New Policy Report: Professional Electoral Management

 
 

New Policy report

Building Professional Electoral Management

By Jeffrey Karp, Alessandro Nai, Miguel Angel Lara Otaola and Pippa Norris

University of Sydney, January 2017

Electoral Management Bodies (EMBs) are the central agencies responsible for running elections in countries around the world.

This report, developed by EIP in conjunction with the Association of World Electoral Bodies (A-WEB), examines how to strengthen professional electoral administration.

Electoral management bodies (EMBs) are the front-line agencies for electoral governance. Ideally for contests to meet global norms, electoral officials should ensure that they deliver public services meeting professional international standards. 

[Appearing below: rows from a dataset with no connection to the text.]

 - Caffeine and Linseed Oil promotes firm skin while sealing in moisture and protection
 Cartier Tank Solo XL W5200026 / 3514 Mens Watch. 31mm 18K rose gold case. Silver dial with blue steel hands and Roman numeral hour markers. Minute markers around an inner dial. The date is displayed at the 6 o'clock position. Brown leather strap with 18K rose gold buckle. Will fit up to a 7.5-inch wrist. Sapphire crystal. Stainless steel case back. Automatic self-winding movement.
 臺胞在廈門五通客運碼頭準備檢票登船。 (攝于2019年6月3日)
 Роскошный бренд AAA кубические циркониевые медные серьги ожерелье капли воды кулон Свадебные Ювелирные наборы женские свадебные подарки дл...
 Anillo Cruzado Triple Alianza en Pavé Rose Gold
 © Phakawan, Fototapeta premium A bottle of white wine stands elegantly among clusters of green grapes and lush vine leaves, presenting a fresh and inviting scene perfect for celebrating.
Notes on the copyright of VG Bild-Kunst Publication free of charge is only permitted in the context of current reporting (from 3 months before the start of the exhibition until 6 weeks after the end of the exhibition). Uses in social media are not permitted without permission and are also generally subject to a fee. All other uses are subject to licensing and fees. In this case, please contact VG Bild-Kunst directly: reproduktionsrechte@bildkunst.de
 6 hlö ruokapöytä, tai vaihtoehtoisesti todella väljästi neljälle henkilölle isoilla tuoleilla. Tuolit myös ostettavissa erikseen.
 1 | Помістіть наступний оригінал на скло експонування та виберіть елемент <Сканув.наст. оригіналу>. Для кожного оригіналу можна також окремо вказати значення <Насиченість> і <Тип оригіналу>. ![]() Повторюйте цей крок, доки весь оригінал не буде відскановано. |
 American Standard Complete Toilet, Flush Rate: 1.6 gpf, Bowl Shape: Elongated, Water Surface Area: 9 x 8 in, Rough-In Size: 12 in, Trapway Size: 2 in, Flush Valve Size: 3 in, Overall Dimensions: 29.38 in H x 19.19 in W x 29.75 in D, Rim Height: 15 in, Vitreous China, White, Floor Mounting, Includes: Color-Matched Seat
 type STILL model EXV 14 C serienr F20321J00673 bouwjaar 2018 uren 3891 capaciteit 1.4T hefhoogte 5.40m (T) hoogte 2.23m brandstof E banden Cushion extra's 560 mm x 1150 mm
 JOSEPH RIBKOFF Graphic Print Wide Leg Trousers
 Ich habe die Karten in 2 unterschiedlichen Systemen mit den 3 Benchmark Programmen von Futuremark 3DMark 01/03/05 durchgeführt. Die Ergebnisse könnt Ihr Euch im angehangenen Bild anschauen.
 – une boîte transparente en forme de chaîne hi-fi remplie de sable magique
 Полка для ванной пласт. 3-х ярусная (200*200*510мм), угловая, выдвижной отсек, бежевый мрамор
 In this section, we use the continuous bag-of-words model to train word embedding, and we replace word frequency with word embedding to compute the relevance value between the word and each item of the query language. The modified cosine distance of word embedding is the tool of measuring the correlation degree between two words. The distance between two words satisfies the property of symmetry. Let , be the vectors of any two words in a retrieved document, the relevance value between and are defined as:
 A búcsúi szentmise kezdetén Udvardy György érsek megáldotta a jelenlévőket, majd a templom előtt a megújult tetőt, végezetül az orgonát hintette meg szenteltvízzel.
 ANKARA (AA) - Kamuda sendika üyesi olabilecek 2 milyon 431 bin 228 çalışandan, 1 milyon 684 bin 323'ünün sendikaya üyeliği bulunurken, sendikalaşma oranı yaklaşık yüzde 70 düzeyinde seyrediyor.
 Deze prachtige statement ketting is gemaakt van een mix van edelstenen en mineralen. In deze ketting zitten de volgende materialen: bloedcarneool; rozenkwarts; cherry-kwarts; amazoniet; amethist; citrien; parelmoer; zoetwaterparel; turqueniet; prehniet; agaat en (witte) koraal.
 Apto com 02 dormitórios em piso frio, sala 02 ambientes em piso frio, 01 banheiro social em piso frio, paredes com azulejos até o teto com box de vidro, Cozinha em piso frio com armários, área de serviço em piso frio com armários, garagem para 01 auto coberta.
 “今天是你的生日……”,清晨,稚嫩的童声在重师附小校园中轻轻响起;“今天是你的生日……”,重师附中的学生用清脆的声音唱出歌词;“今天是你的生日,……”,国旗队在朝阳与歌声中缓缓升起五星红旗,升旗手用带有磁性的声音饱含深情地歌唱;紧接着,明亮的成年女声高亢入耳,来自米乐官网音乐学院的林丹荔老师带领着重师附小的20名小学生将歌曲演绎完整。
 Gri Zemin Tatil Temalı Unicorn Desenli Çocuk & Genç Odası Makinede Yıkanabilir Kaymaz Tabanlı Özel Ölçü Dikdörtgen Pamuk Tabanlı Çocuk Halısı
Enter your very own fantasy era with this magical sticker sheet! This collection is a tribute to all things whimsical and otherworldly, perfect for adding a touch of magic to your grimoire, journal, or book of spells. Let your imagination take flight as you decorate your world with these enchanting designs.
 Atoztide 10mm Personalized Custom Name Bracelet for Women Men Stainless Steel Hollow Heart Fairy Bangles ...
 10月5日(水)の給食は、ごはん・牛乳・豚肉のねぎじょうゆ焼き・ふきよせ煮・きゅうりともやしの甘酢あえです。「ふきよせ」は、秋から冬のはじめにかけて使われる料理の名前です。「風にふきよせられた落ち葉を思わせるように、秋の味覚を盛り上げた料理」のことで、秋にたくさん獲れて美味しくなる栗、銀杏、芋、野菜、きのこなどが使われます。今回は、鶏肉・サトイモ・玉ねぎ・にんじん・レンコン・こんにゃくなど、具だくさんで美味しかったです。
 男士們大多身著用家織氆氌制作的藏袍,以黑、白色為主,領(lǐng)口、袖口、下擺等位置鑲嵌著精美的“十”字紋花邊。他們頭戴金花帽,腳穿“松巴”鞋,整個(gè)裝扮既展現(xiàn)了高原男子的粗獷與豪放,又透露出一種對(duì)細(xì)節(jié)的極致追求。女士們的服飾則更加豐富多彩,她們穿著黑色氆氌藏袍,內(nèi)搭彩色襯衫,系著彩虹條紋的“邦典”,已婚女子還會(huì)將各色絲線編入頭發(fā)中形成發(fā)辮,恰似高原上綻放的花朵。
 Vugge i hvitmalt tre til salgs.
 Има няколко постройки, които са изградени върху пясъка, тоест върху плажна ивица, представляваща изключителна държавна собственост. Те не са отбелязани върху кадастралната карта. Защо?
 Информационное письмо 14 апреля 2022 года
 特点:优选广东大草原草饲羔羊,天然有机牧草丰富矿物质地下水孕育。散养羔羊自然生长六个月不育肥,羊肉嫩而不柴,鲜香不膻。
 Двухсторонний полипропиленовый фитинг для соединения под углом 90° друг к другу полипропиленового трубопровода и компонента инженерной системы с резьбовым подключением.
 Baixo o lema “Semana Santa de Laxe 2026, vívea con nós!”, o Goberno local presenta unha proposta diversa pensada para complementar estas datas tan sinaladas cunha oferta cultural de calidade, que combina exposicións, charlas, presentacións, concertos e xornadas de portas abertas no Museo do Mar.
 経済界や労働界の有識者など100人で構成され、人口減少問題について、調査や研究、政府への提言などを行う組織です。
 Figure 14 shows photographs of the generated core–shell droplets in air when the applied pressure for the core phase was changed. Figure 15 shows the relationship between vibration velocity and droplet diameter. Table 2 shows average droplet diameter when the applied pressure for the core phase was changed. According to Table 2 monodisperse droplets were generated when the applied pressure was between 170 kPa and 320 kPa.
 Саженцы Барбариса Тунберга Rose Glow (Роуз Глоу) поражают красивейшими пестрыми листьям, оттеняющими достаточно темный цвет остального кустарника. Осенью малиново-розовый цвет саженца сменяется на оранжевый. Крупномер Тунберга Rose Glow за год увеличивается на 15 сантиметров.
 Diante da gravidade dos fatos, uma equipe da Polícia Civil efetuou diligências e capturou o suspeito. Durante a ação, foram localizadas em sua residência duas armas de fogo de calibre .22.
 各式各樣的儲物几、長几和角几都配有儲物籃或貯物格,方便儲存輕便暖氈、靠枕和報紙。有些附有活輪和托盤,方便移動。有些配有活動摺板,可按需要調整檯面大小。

As International IDEA suggests, electoral management should seek to follow certain fundamental guiding principles, including independence, impartiality, integrity, transparency, efficiency, professionalism and service-mindedness.

Yet meeting these ideal standards generates major challenges. These organizations are typically responsible for a wide range of tasks, which may include determining who is eligible to vote, who or what appears on the ballot, polling and conducting and tabulating the votes. EMBs may also be involved with the regulation and oversight of campaign finance, the registration of political parties, the role of the news media during campaigns, electoral boundaries, civic education, and dispute resolution.

Consequently, EMBs serve multiple functions central for the smooth conduct of elections, for the legitimacy of democratic institutions, and for peaceful transitions in power. It is important to understand the capacity of EMBs to fulfill these functions – and the limits arising from limited technological, human and financial resources.

Evidence and methods

To understand these issues, the Electoral Learning and Capacity Training project (ELECT) collected information from three sources of data.

(i) The ELECT Organizational Survey about 35 diverse EMBs.

(ii) The ELECT Staff Survey gathered evidence from individual EMB staff working within two detailed case-studies South Korea and Mexico.

(iii) EMB performance was assessed through the Perceptions of Electoral Integrity expert survey (PEI-4.5).

The structure, professional ethos, and capacity of EMB's

The ELECT organization survey was completed by senior level managers in 35 diverse EMBs from around the world. These displayed varied performance, according to PEI-4.5. The data was used to construct measures of their formal structural independence, professional ethos, and the functional capacities.